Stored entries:
• • • • •

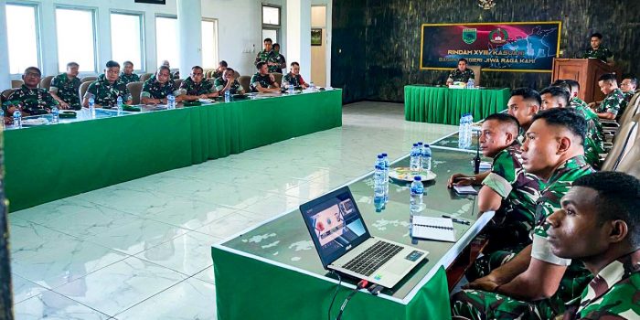 Danrem 182/JO, Kolonel Inf Aswin Kartawijaya selaku Dankolakops (Komandan Pelaksana Operasi) Bacakan Perintah Operasi dan Berikan Pengarahan Kepada Prajurit BTP 805/KSW di Rindam XVIII/Ksr, yang langsung di Sambut oleh Danrindam XVIII/Ksr Kolonel Inf Slamet,S.Sos., M.Han., Para PJU Rindam, Dandim 1805/Mansel Letkol ARM Adi Suroyo S.Sos., Danyonif BTP 805/KSW Mayor Syahrul Usman,S.H beserta Para Perwira Rindam XVIII/Ksr dan Perwira Yonif BTP 805/KSW, bertempat di Rindam XVIII/Ksr Jl. Trans Manokwari – Bintuni, Kamp. Dembek, Dist. Momi Waren, Kab. Manokwari Selatan, Prov. Papua Barat, Selasa (12/11/2024).
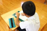 6年 家庭科「生活を豊かに ソーイング」 ナップザックを作り始めました。
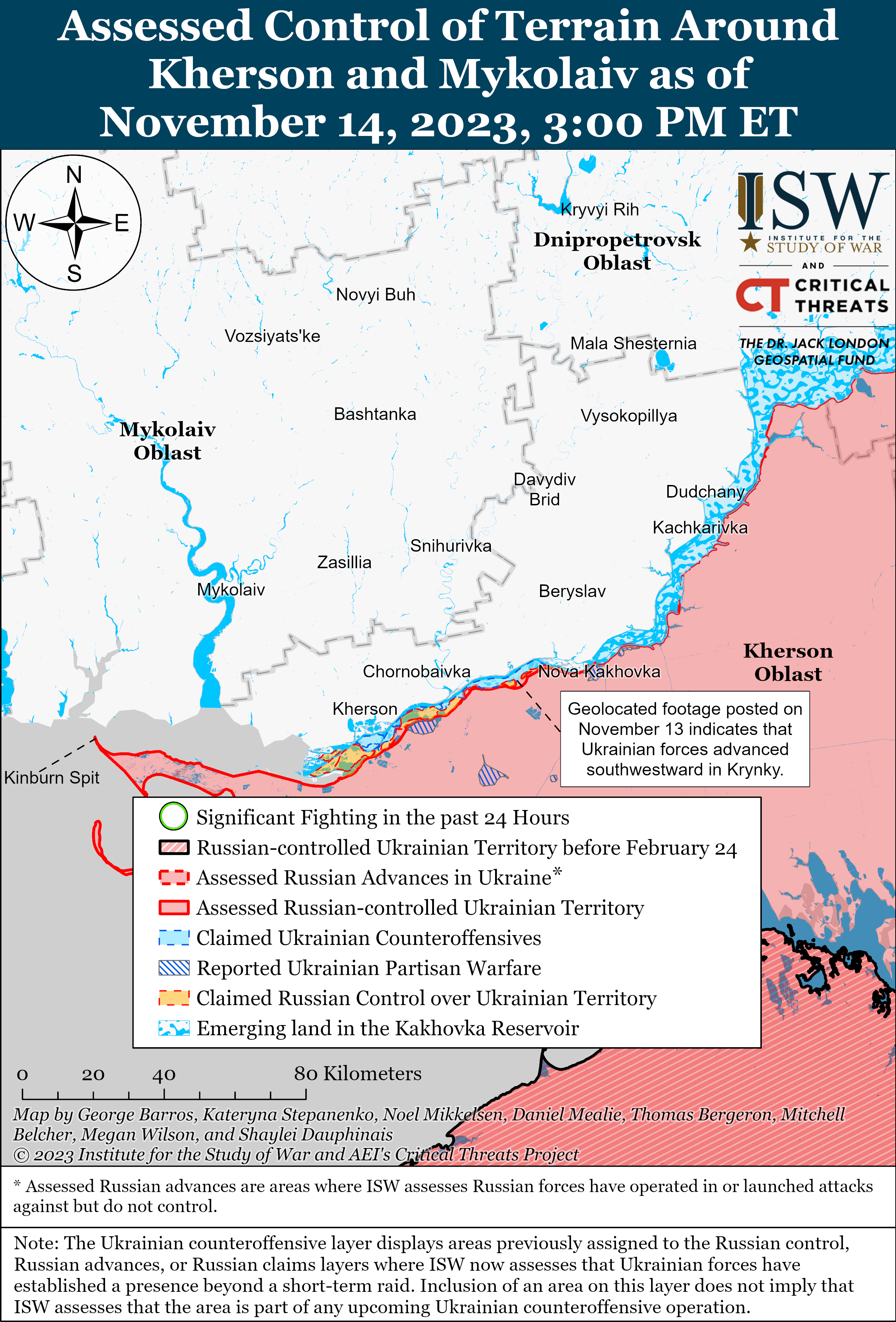 "Украинские силы проводят более масштабные, чем обычно, наземные операции на восточном берегу Херсонской области с середины октября 2023 года и что украинские силы, похоже, способны удерживать и обеспечивать свои текущие позиции на контролируемой Россией стороне Херсонской области", — отметили аналитики.
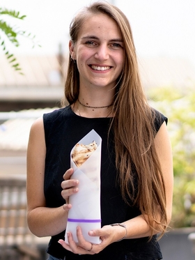„ReWrap“ von Sarah Klein (25 Jahre) kann große Mengen beschichtetes Papier und Aluminiumfolie bei der Verpackung von Wraps, belegten Baguettes, Falafel, Pommes und Burgern ersetzen. Die spül- und recycelbare Hülle aus Silikonkautschuk lässt sich flexibel falten und wickeln. Das Essen zum Mitnehmen ist geschützt und zugleich tropfen Fett und Saucen nicht heraus. Denkbar ist ein Einsatz im Pfandsystem oder die Konsument*innen bringen ihre einmal gekaufte Hülle, die in der Tasche wenig Platz wegnimmt, jeweils zum Imbiss mit. „Durch die einfache Handhabung und das schlichte Design besteht mit ,ReWrap‘ die Möglichkeit, dass neue, junge Zielgruppen für nachhaltigeren Konsum sensibilisiert werden“, urteilte die Jury.
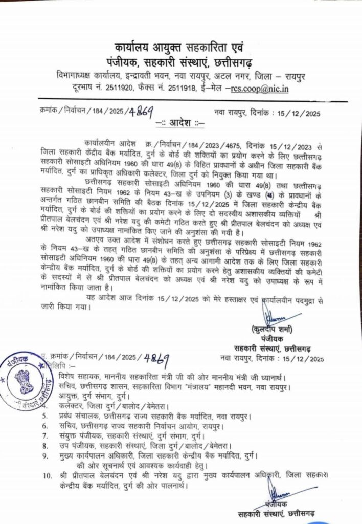 रायपुर,16 दिसंबर 2025/ कार्यालय आयुक्त, सहकारिता एवं पंजीयक, सहकारी संस्थाएं द्वारा दुर्ग, अंबिकापुर, बिलासपुर, राजनांदगांव और जगदलपुर जिला सहकारी केंद्रीय बैंक में अध्यक्ष और उपाध्यक्ष की नियुक्ति की गई है। यह नियुक्ति छानबीन समिति की बैठक में की गई अनुशंसाओं के आधार पर की गई है।

• • • • •

* PROBLEM DESCRIPTION:
Drop the images and transcribe the entries above exactly.

* ANSWER SPACE:
 Danrem 182/JO, Kolonel Inf Aswin Kartawijaya selaku Dankolakops (Komandan Pelaksana Operasi) Bacakan Perintah Operasi dan Berikan Pengarahan Kepada Prajurit BTP 805/KSW di Rindam XVIII/Ksr, yang langsung di Sambut oleh Danrindam XVIII/Ksr Kolonel Inf Slamet,S.Sos., M.Han., Para PJU Rindam, Dandim 1805/Mansel Letkol ARM Adi Suroyo S.Sos., Danyonif BTP 805/KSW Mayor Syahrul Usman,S.H beserta Para Perwira Rindam XVIII/Ksr dan Perwira Yonif BTP 805/KSW, bertempat di Rindam XVIII/Ksr Jl. Trans Manokwari – Bintuni, Kamp. Dembek, Dist. Momi Waren, Kab. Manokwari Selatan, Prov. Papua Barat, Selasa (12/11/2024).
 6年 家庭科「生活を豊かに ソーイング」 ナップザックを作り始めました。
 "Украинские силы проводят более масштабные, чем обычно, наземные операции на восточном берегу Херсонской области с середины октября 2023 года и что украинские силы, похоже, способны удерживать и обеспечивать свои текущие позиции на контролируемой Россией стороне Херсонской области", — отметили аналитики.
„ReWrap“ von Sarah Klein (25 Jahre) kann große Mengen beschichtetes Papier und Aluminiumfolie bei der Verpackung von Wraps, belegten Baguettes, Falafel, Pommes und Burgern ersetzen. Die spül- und recycelbare Hülle aus Silikonkautschuk lässt sich flexibel falten und wickeln. Das Essen zum Mitnehmen ist geschützt und zugleich tropfen Fett und Saucen nicht heraus. Denkbar ist ein Einsatz im Pfandsystem oder die Konsument*innen bringen ihre einmal gekaufte Hülle, die in der Tasche wenig Platz wegnimmt, jeweils zum Imbiss mit. „Durch die einfache Handhabung und das schlichte Design besteht mit ,ReWrap‘ die Möglichkeit, dass neue, junge Zielgruppen für nachhaltigeren Konsum sensibilisiert werden“, urteilte die Jury.
 रायपुर,16 दिसंबर 2025/ कार्यालय आयुक्त, सहकारिता एवं पंजीयक, सहकारी संस्थाएं द्वारा दुर्ग, अंबिकापुर, बिलासपुर, राजनांदगांव और जगदलपुर जिला सहकारी केंद्रीय बैंक में अध्यक्ष और उपाध्यक्ष की नियुक्ति की गई है। यह नियुक्ति छानबीन समिति की बैठक में की गई अनुशंसाओं के आधार पर की गई है।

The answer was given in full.